I don’t want a frontier just battle video. Being able to battle against actual EV and IV trained Pokemon 6v6 was so good, especially being able to customize them. I don’t know if many people even knew battle video could be used to simulate battles but I was more upset when that was taken away in SwSh than dexit. I would still buy two switches just to have the capacity to do that.
 
Is also possible they were considering just turning it into a generic move, rather than an oopsie where they forgot. Then they decided against it.

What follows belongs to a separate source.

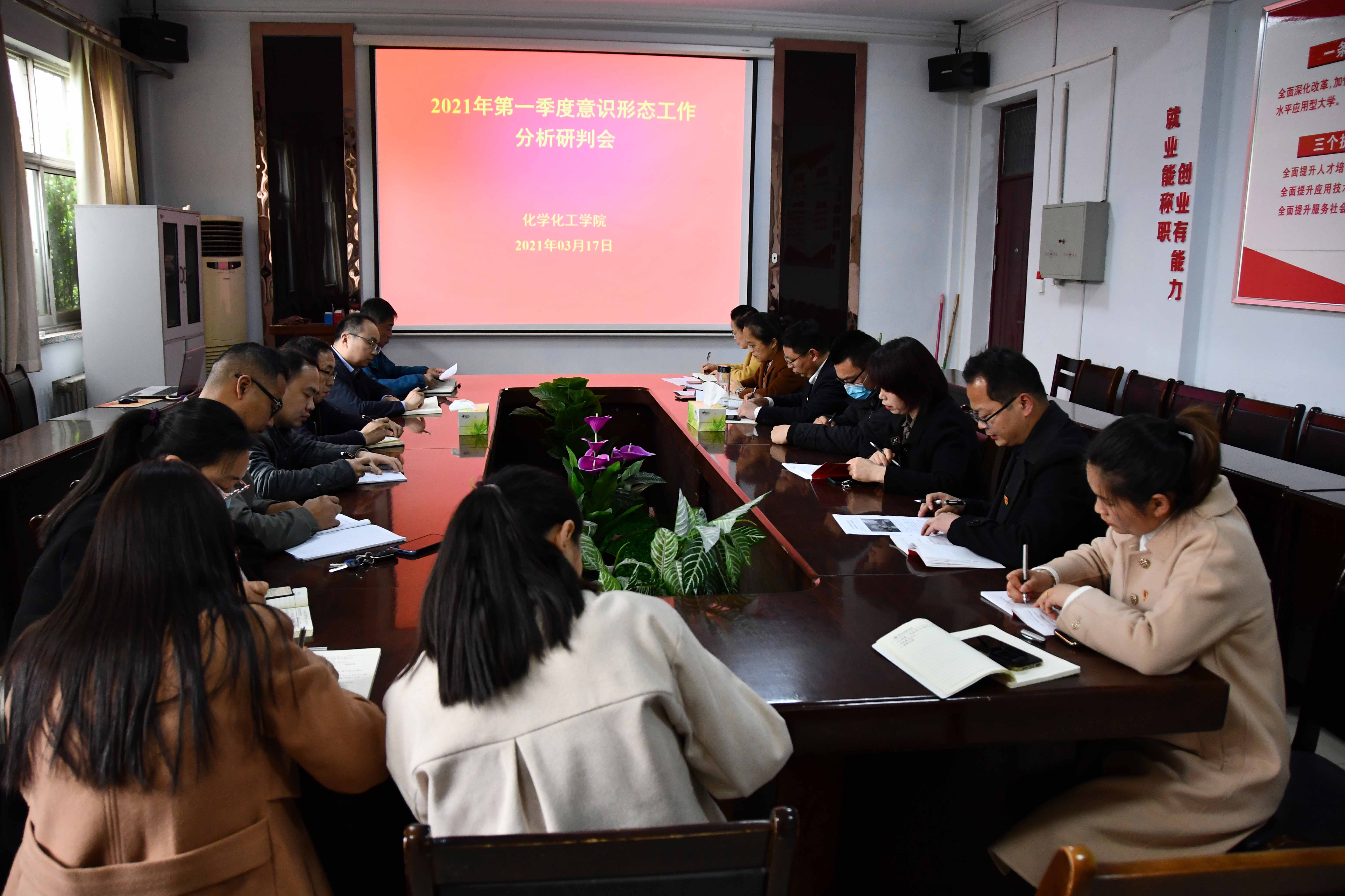 3月17日下午,化学化工学院党总支于7号楼会议室召开2021年第一季度意识形态工作分析研判会。学院领导班子、党支部书记、办公室主任、教学办主任、辅导员参加会议。院党总支书记韩忠民主持会议。
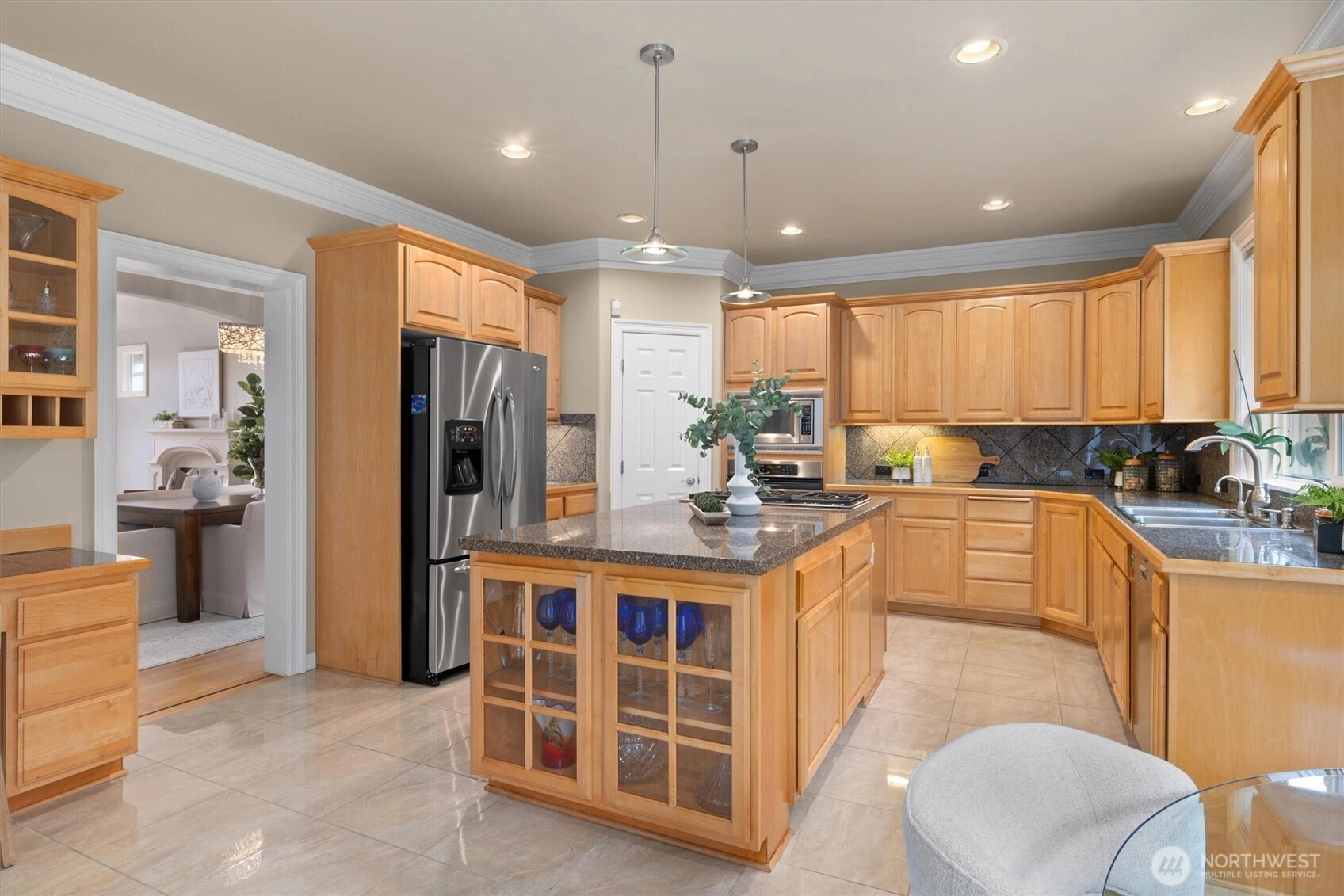 Set in the tranquil China Falls community, this 5-bedroom home offers space to grow and a location that elevates daily life. Soaring vaulted ceilings, a newer 2024 roof, and a thoughtfully refreshed exterior welcome you inside to a versatile main floor with formal living and dining areas, a dedicated home office, and an open-concept kitchen featuring stainless steel appliances and a large island with breakfast bar. The upper level hosts a private primary suite, three secondary bedrooms, and an oversized bonus room ready for work, fitness, or movie nights. Outside, enjoy a fully fenced backyard with room to relax or entertain, plus a 3-car attached garage and generator wiring for added security. Walk to China Falls Park and Redman Park, or hit the Cougar Mountain trail system just a block away. Minutes to I-90, I-405, shopping, dining, and golf, and located within the Issaquah School District—this is a home that supports both daily ease and long-term value.

It should be noted that legendary signature moves turning to generic moves very rarely happens. The only time it happened is with sacred sword which was exclusive to the musketeers but gained by the Honedge line and to an extent sacred fire (gained by Entei) and heart swap (gen vii Magearna).
 
Regarding Battle Frontier, I personally see the place as the late-game or post-credits challenge mode often present in other JRPGs. A bonus boss of sorts, that tests all your knowledge of the game, which is usually good, right? I was too shy as a kid to go to forums or showdown to request battles, so battle facilities are something I've always appreciated.
If you are looking from the perspective of dragging like 10 or more ribbon masters through Battle Tower, then yeah, it absolutely sucks, but earning round 2 trophies once in your life is something that feels like a real achievement.
 
It should be noted that legendary signature moves turning to generic moves very rarely happens. The only time it happened is with sacred sword which was exclusive to the musketeers but gained by the Honedge line and to an extent sacred fire (gained by Entei) and heart swap (gen vii Magearna).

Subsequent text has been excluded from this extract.